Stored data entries
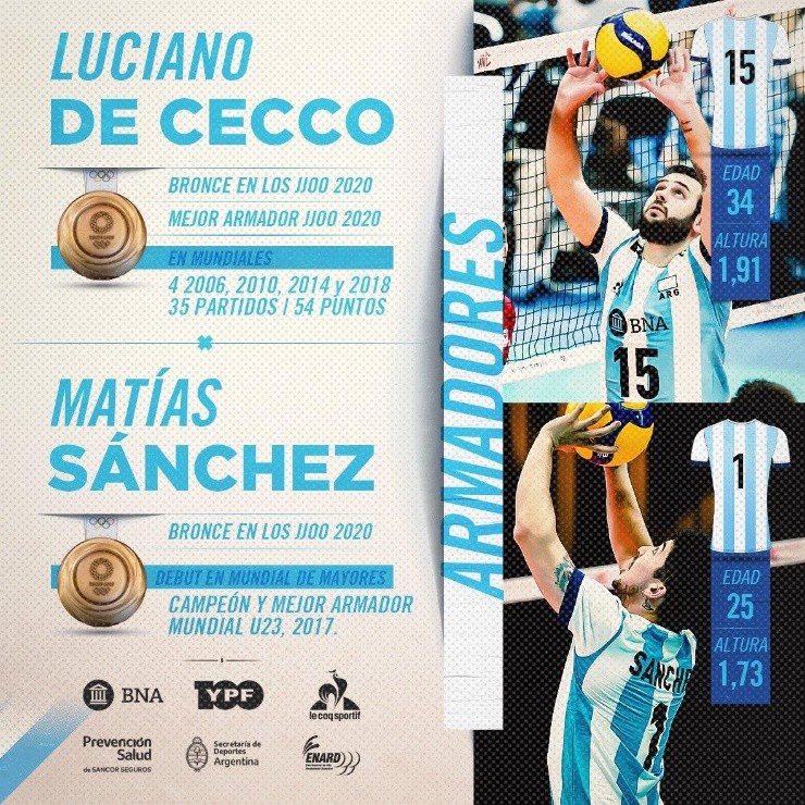 De Cecco, por su parte, viene de ser tricampeón en Italia, que es considerada la NBA del vóley, con su equipo, elCucine Lube Civitanova. Con ese título, se sumó otro récord particular: se transformó en el tercer argentino con más títulos en la Super Liga italiana, ya que sumó tres.
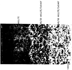 Technical Solution: Mitsubishi Heavy Industries has developed advanced ceramic coating systems optimized for thermal cycling resistance in gas turbine and power generation applications. Their technology utilizes sophisticated atmospheric plasma spray (APS) and suspension plasma spray (SPS) techniques to create ceramic coatings with engineered microstructures that accommodate thermal stresses. MHI's research has focused on developing lanthanum zirconate-based ceramic compositions that demonstrate superior phase stability during thermal cycling compared to conventional coatings. Their multi-layer approach incorporates specialized MCrAlY bond coats with optimized aluminum content that form highly adherent aluminum oxide scales. Testing has confirmed these coatings can withstand over 1,800 thermal cycles between operating and ambient temperatures while maintaining structural integrity. MHI has also pioneered the use of segmented ceramic coating designs that incorporate pre-engineered stress relief features to accommodate thermal expansion differences during cycling. Recent innovations include the development of nano-structured ceramic compositions that demonstrate improved sintering resistance during extended high-temperature exposure.
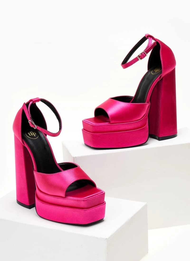 Πέδιλα platform σατέν TFP.Έχουν ψηλή φιάπα και χοντρό τακούνι. Κλειστή φτέρνα. Δένουν με μπαρέτα στο ύψος του αστραγάλου. Καρέ γραμμή.
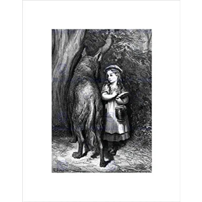 Wee Blue Coo Dore Red Riding Hood Meets Old Father Wolf Wall Art Print
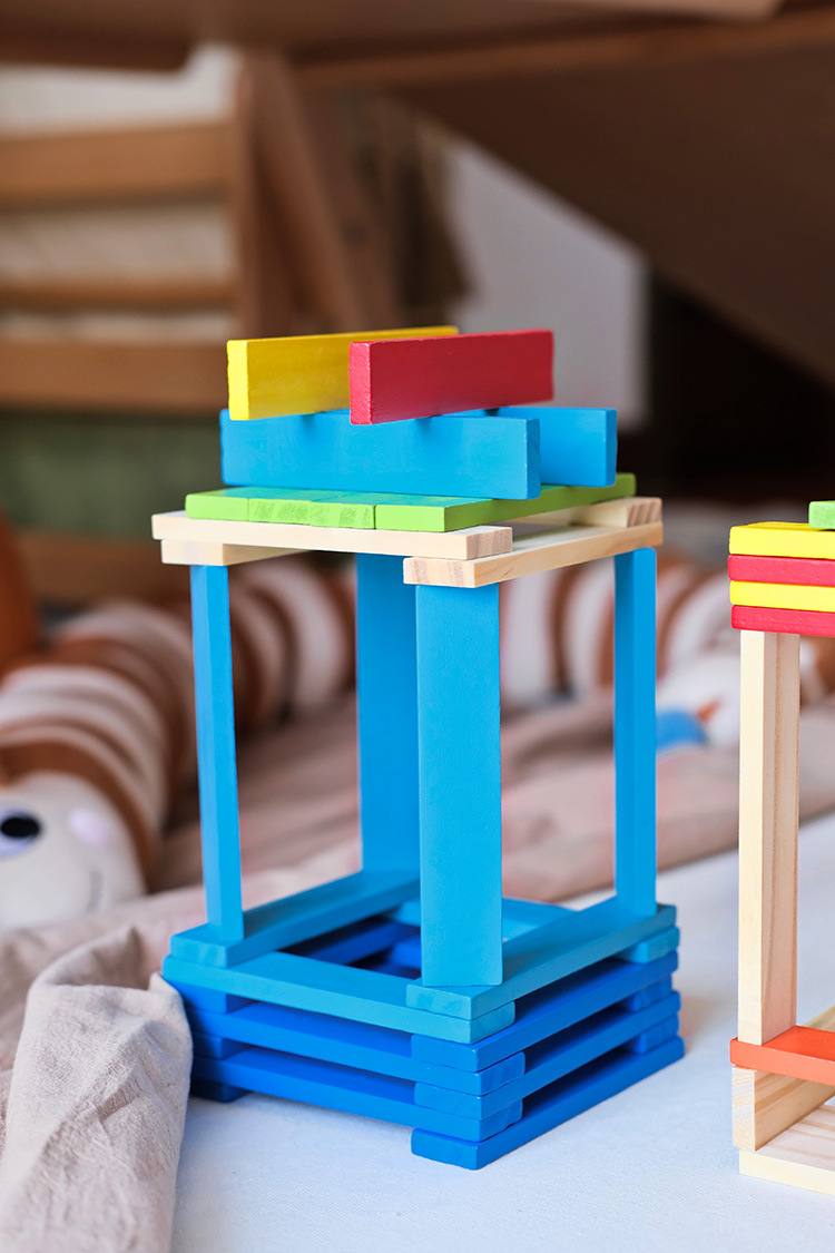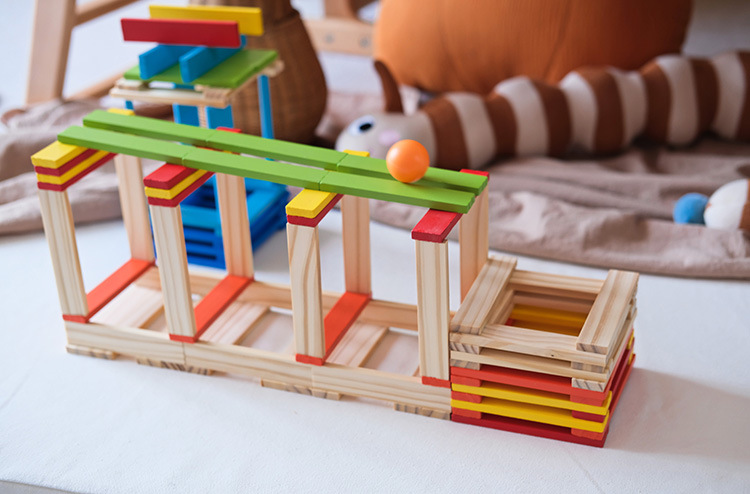 Palo de construcción de madera para niños tira de madera pura bloque de construcción de bloques de madera pila Torre 1-3-6 años de edad juguetes de inteligencia juguetes de educación temprana

■ **What this task involves**: Leave out the pictures and return, exactly as written, only the lines from the line with "Wee Blue Coo" through the end of the records above.

■ **Answer for this exercise**:
 Wee Blue Coo Dore Red Riding Hood Meets Old Father Wolf Wall Art Print
 Palo de construcción de madera para niños tira de madera pura bloque de construcción de bloques de madera pila Torre 1-3-6 años de edad juguetes de inteligencia juguetes de educación temprana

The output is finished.